Top of RAW DATA
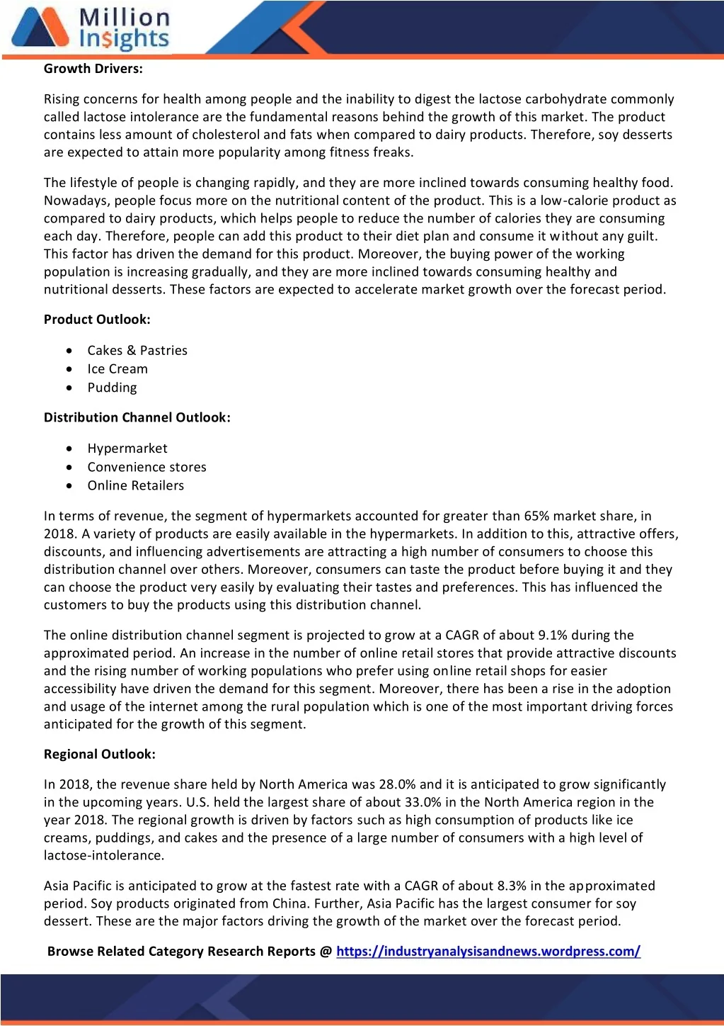 Growth Drivers: Rising concerns for health among people and the inability to digest the lactose carbohydrate commonly called lactose intolerance are the fundamental reasons behind the growth of this market. The product contains less amount of cholesterol and fats when compared to dairy products. Therefore, soy desserts are expected to attain more popularity among fitness freaks. The lifestyle of people is changing rapidly, and they are more inclined towards consuming healthy food. Nowadays, people focus more on the nutritional content of the product. This is a low-calorie product as compared to dairy products, which helps people to reduce the number of calories they are consuming each day. Therefore, people can add this product to their diet plan and consume it without any guilt. This factor has driven the demand for this product. Moreover, the buying power of the working population is increasing gradually, and they are more inclined towards consuming healthy and nutritional desserts. These factors are expected to accelerate market growth over the forecast period. Product Outlook: Cakes & Pastries Ice Cream Pudding Distribution Channel Outlook: Hypermarket Convenience stores Online Retailers In terms of revenue, the segment of hypermarkets accounted for greater than 65% market share, in 2018. A variety of products are easily available in the hypermarkets. In addition to this, attractive offers, discounts, and influencing advertisements are attracting a high number of consumers to choose this distribution channel over others. Moreover, consumers can taste the product before buying it and they can choose the product very easily by evaluating their tastes and preferences. This has influenced the customers to buy the products using this distribution channel. The online distribution channel segment is projected to grow at a CAGR of about 9.1% during the approximated period. An increase in the number of online retail stores that provide attractive discounts and the rising number of working populations who prefer using online retail shops for easier accessibility have driven the demand for this segment. Moreover, there has been a rise in the adoption and usage of the internet among the rural population which is one of the most important driving forces anticipated for the growth of this segment. Regional Outlook: In 2018, the revenue share held by North America was 28.0% and it is anticipated to grow significantly in the upcoming years. U.S. held the largest share of about 33.0% in the North America region in the year 2018. The regional growth is driven by factors such as high consumption of products like ice creams, puddings, and cakes and the presence of a large number of consumers with a high level of lactose-intolerance. Asia Pacific is anticipated to grow at the fastest rate with a CAGR of about 8.3% in the approximated period. Soy products originated from China. Further, Asia Pacific has the largest consumer for soy dessert. These are the major factors driving the growth of the market over the forecast period. Browse Related Category Research Reports @ https://industryanalysisandnews.wordpress.com/
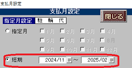 ※支払月設定画面内で、支払月「指定」「短期」の切替操作が可能です。
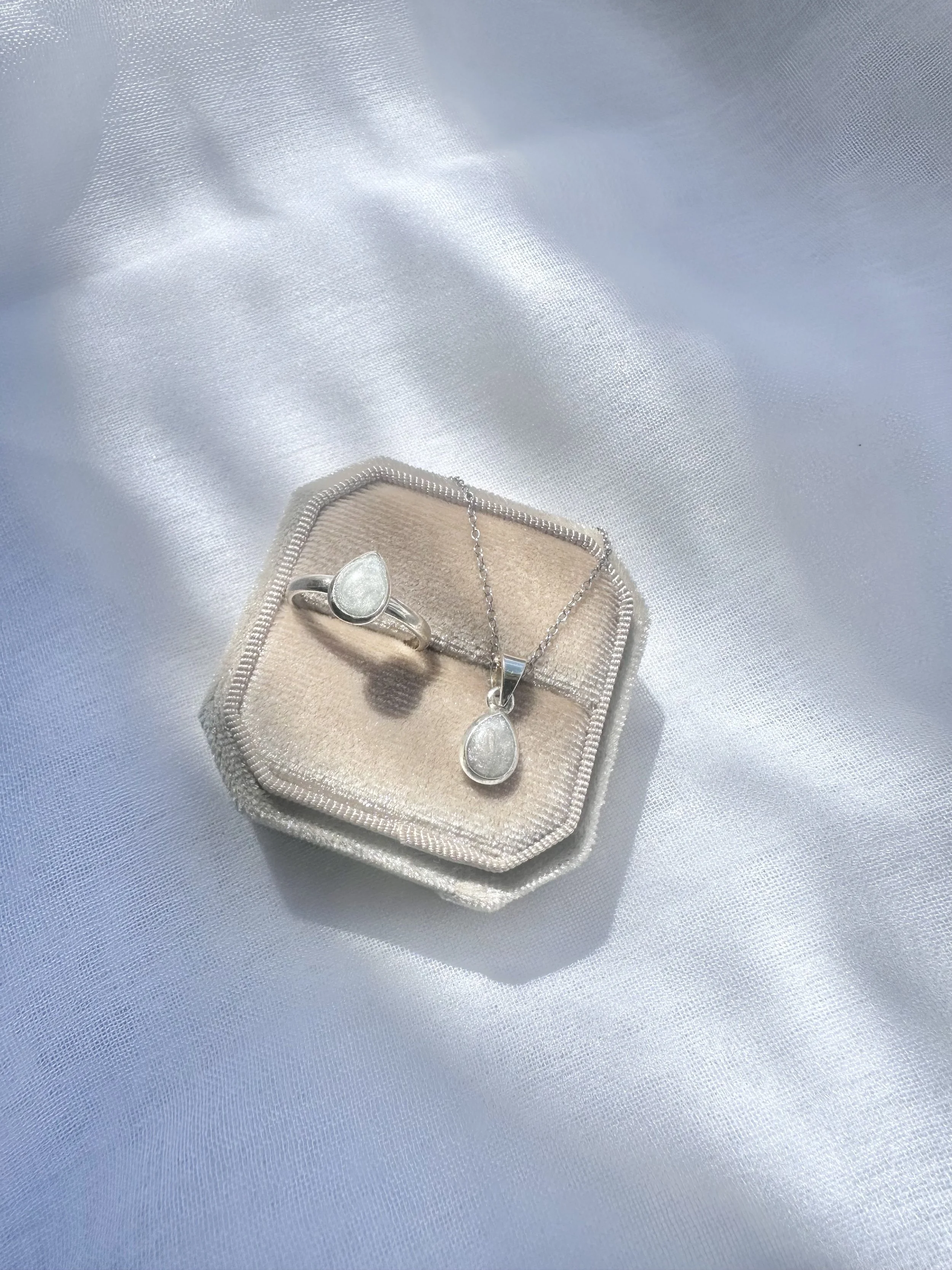 Your jewellery is lovingly handcrafted, treating your loved ones cremains (or other inclusion) with the utmost respect and care throughout the entire process. You can even request a special song to be played during the process. The turnaround time is currently 8 weeks.
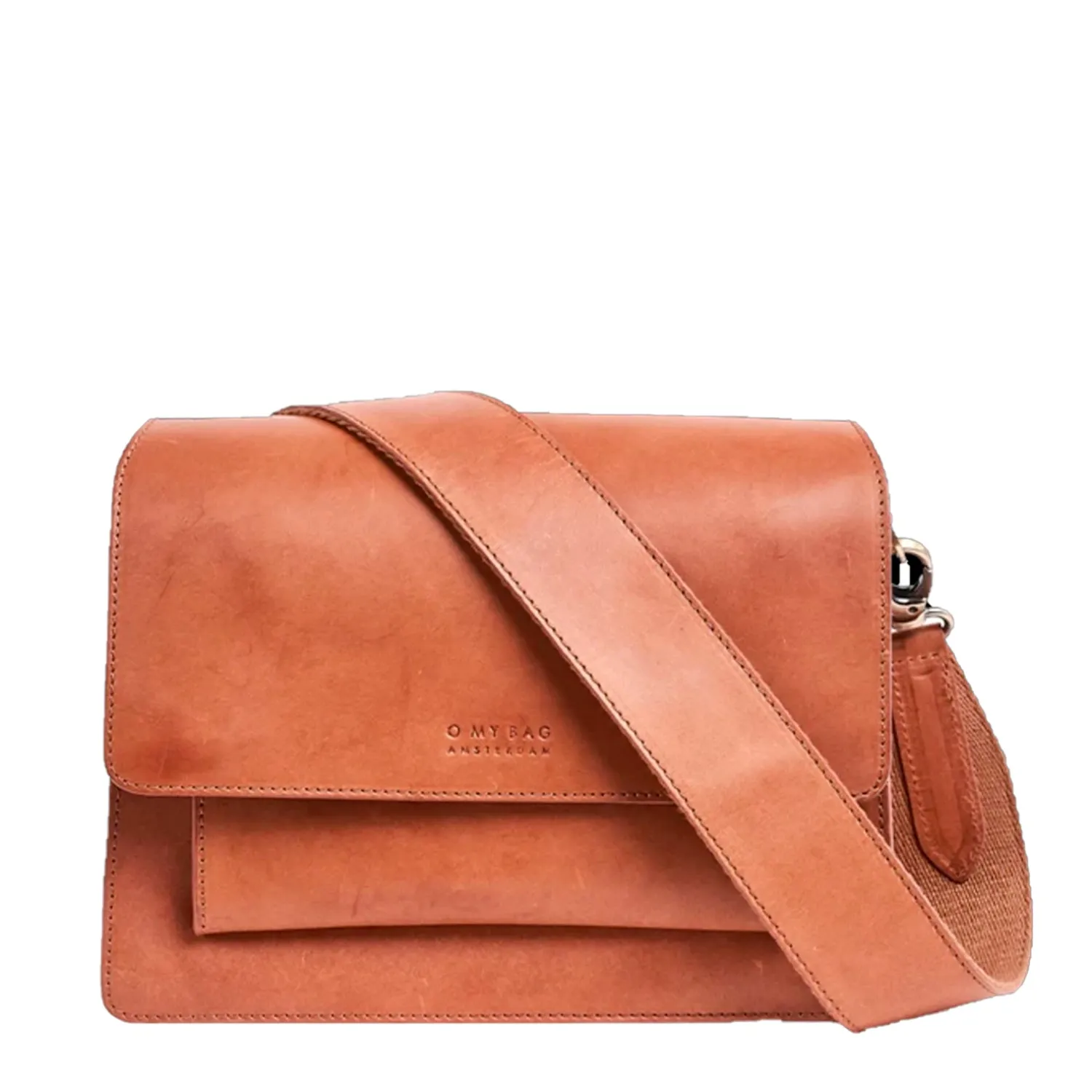 Harper skuldertaske i cognac farvet læder fra det hollandske brand O My Bag. Taskens design er inspireret af en harmonika, som særligt ses, når tasken ses fra siden. Der medfølger to remme, en bred og en smal læderrem. Indvendig har tasken tre rum og er foret med O My Bag signatur stribet lærredsstof. Derudover er der et udvendigt rum, som kan lukkes med lynlås. Det midterste indvendige rum kan også lukke med lynlås.
Bottom of RAW DATA
• WORK INSTRUCTION: What you return should match the material word for word, apart from the pictures.

• WRITTEN ANSWER:
 Growth Drivers: Rising concerns for health among people and the inability to digest the lactose carbohydrate commonly called lactose intolerance are the fundamental reasons behind the growth of this market. The product contains less amount of cholesterol and fats when compared to dairy products. Therefore, soy desserts are expected to attain more popularity among fitness freaks. The lifestyle of people is changing rapidly, and they are more inclined towards consuming healthy food. Nowadays, people focus more on the nutritional content of the product. This is a low-calorie product as compared to dairy products, which helps people to reduce the number of calories they are consuming each day. Therefore, people can add this product to their diet plan and consume it without any guilt. This factor has driven the demand for this product. Moreover, the buying power of the working population is increasing gradually, and they are more inclined towards consuming healthy and nutritional desserts. These factors are expected to accelerate market growth over the forecast period. Product Outlook: Cakes & Pastries Ice Cream Pudding Distribution Channel Outlook: Hypermarket Convenience stores Online Retailers In terms of revenue, the segment of hypermarkets accounted for greater than 65% market share, in 2018. A variety of products are easily available in the hypermarkets. In addition to this, attractive offers, discounts, and influencing advertisements are attracting a high number of consumers to choose this distribution channel over others. Moreover, consumers can taste the product before buying it and they can choose the product very easily by evaluating their tastes and preferences. This has influenced the customers to buy the products using this distribution channel. The online distribution channel segment is projected to grow at a CAGR of about 9.1% during the approximated period. An increase in the number of online retail stores that provide attractive discounts and the rising number of working populations who prefer using online retail shops for easier accessibility have driven the demand for this segment. Moreover, there has been a rise in the adoption and usage of the internet among the rural population which is one of the most important driving forces anticipated for the growth of this segment. Regional Outlook: In 2018, the revenue share held by North America was 28.0% and it is anticipated to grow significantly in the upcoming years. U.S. held the largest share of about 33.0% in the North America region in the year 2018. The regional growth is driven by factors such as high consumption of products like ice creams, puddings, and cakes and the presence of a large number of consumers with a high level of lactose-intolerance. Asia Pacific is anticipated to grow at the fastest rate with a CAGR of about 8.3% in the approximated period. Soy products originated from China. Further, Asia Pacific has the largest consumer for soy dessert. These are the major factors driving the growth of the market over the forecast period. Browse Related Category Research Reports @ https://industryanalysisandnews.wordpress.com/
 ※支払月設定画面内で、支払月「指定」「短期」の切替操作が可能です。
 Your jewellery is lovingly handcrafted, treating your loved ones cremains (or other inclusion) with the utmost respect and care throughout the entire process. You can even request a special song to be played during the process. The turnaround time is currently 8 weeks.
 Harper skuldertaske i cognac farvet læder fra det hollandske brand O My Bag. Taskens design er inspireret af en harmonika, som særligt ses, når tasken ses fra siden. Der medfølger to remme, en bred og en smal læderrem. Indvendig har tasken tre rum og er foret med O My Bag signatur stribet lærredsstof. Derudover er der et udvendigt rum, som kan lukkes med lynlås. Det midterste indvendige rum kan også lukke med lynlås.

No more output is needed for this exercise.